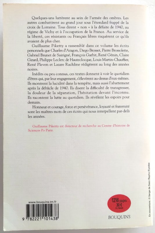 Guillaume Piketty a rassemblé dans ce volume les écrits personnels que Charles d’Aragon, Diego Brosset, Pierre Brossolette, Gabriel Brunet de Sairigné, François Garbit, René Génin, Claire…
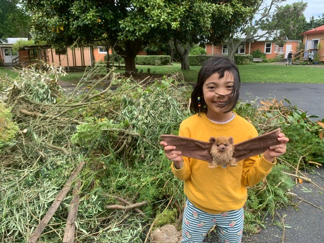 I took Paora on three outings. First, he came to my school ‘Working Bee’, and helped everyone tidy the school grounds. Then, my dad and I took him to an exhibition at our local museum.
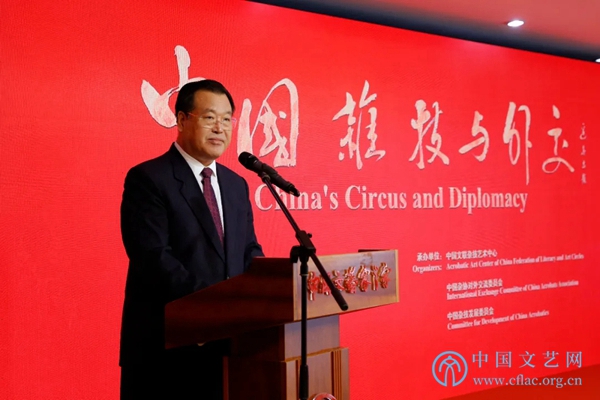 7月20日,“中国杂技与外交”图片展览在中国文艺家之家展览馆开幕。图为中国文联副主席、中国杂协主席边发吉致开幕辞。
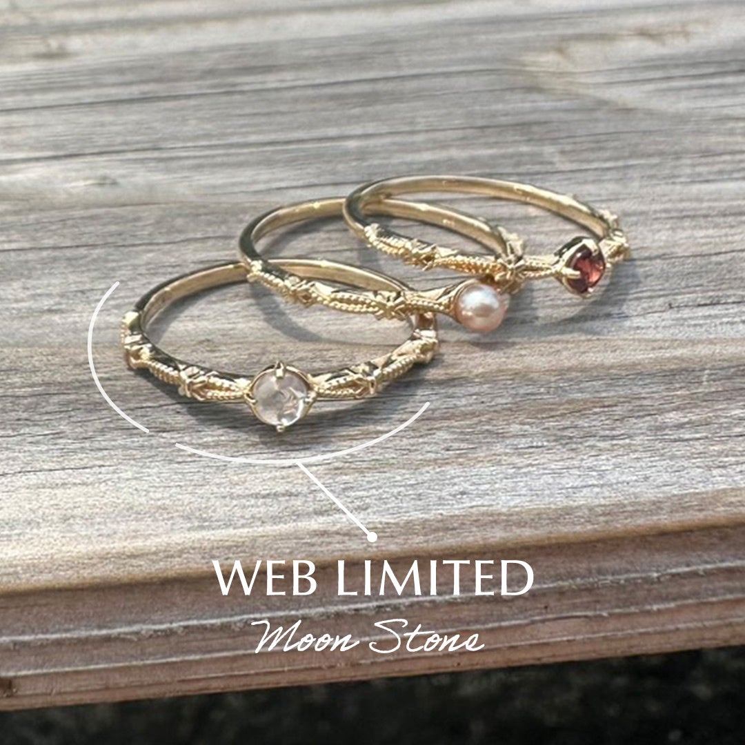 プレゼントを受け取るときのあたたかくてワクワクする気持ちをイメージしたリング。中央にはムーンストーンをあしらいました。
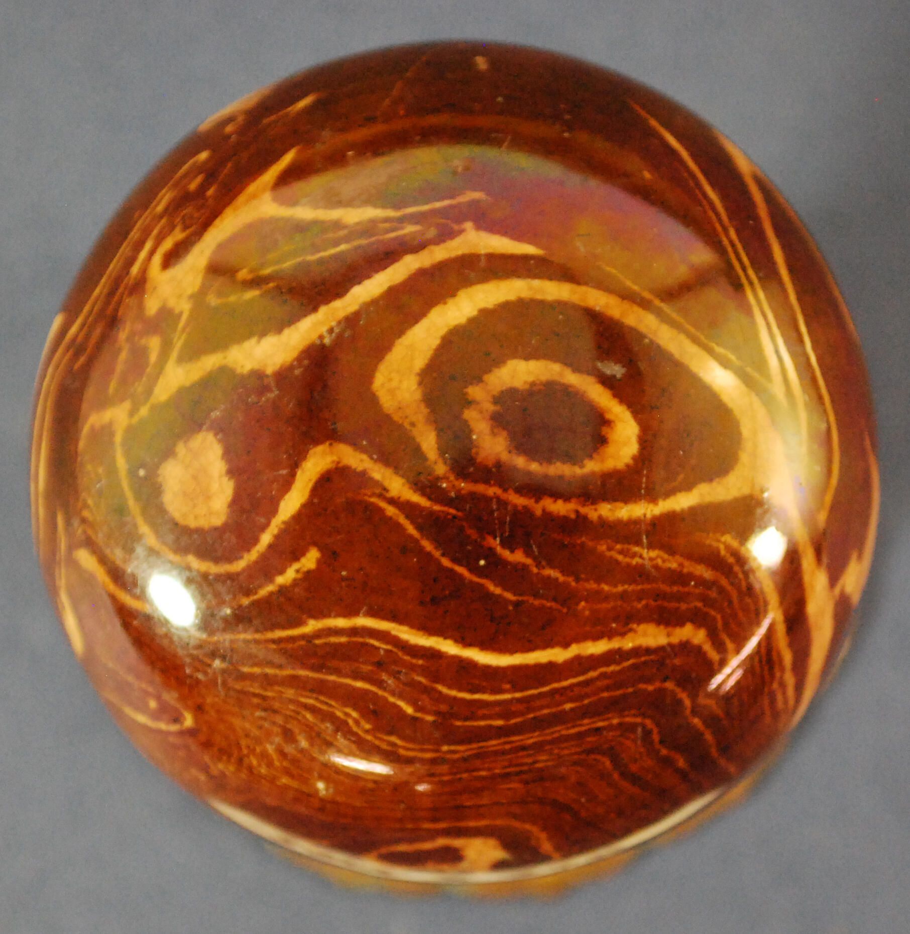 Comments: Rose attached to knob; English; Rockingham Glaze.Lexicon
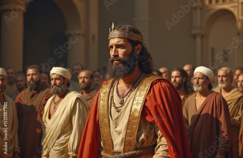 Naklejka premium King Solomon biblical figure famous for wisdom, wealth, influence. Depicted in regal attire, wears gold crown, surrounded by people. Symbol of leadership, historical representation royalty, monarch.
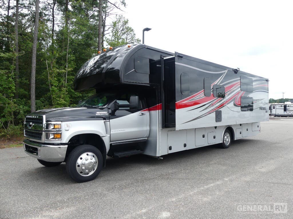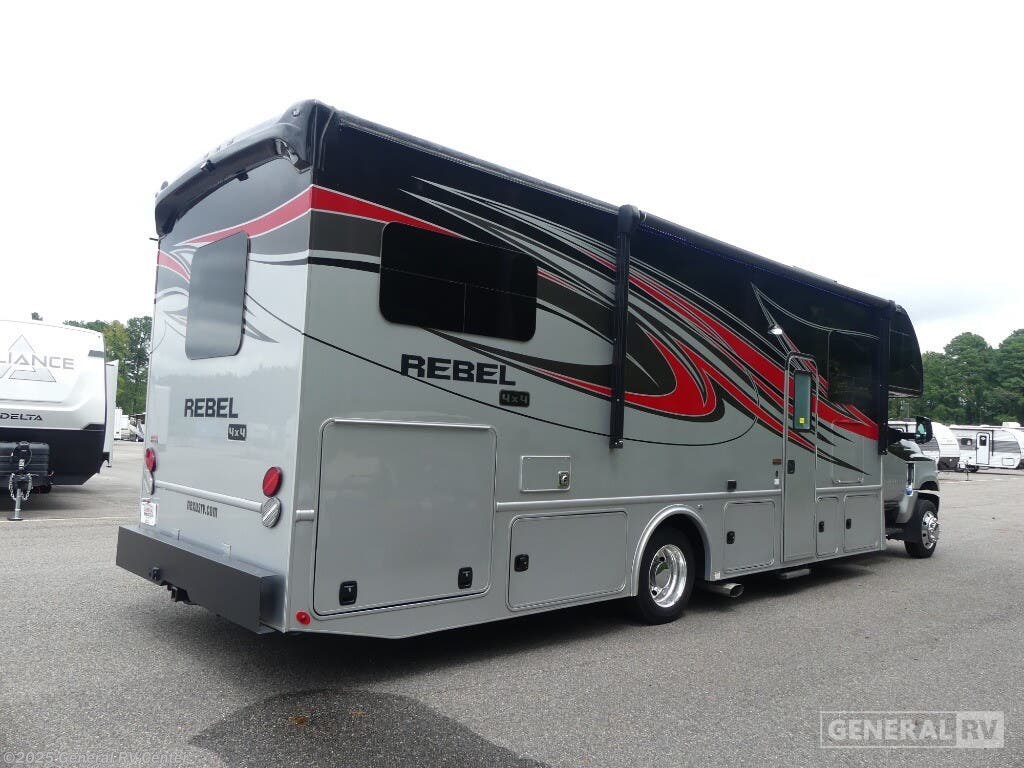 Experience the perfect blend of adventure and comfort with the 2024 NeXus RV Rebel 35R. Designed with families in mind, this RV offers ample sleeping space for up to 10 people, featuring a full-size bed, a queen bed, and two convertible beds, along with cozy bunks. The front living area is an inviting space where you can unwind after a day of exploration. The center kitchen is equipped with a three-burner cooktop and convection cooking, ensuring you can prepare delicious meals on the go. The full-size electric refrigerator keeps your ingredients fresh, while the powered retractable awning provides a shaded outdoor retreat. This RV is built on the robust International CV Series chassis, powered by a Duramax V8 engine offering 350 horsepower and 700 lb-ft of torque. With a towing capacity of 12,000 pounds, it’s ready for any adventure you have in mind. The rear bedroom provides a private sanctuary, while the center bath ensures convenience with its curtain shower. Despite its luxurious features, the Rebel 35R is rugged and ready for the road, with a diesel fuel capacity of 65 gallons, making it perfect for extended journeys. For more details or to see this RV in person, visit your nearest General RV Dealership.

--

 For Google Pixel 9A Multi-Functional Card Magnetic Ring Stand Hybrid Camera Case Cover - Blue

_Task statement_: In the listing above, find the line with "Comments: Rose attached" and the line with "Naklejka premium King". Output both, plus every line between them, and no pictures.

_Response_:
 Comments: Rose attached to knob; English; Rockingham Glaze.Lexicon
 Naklejka premium King Solomon biblical figure famous for wisdom, wealth, influence. Depicted in regal attire, wears gold crown, surrounded by people. Symbol of leadership, historical representation royalty, monarch.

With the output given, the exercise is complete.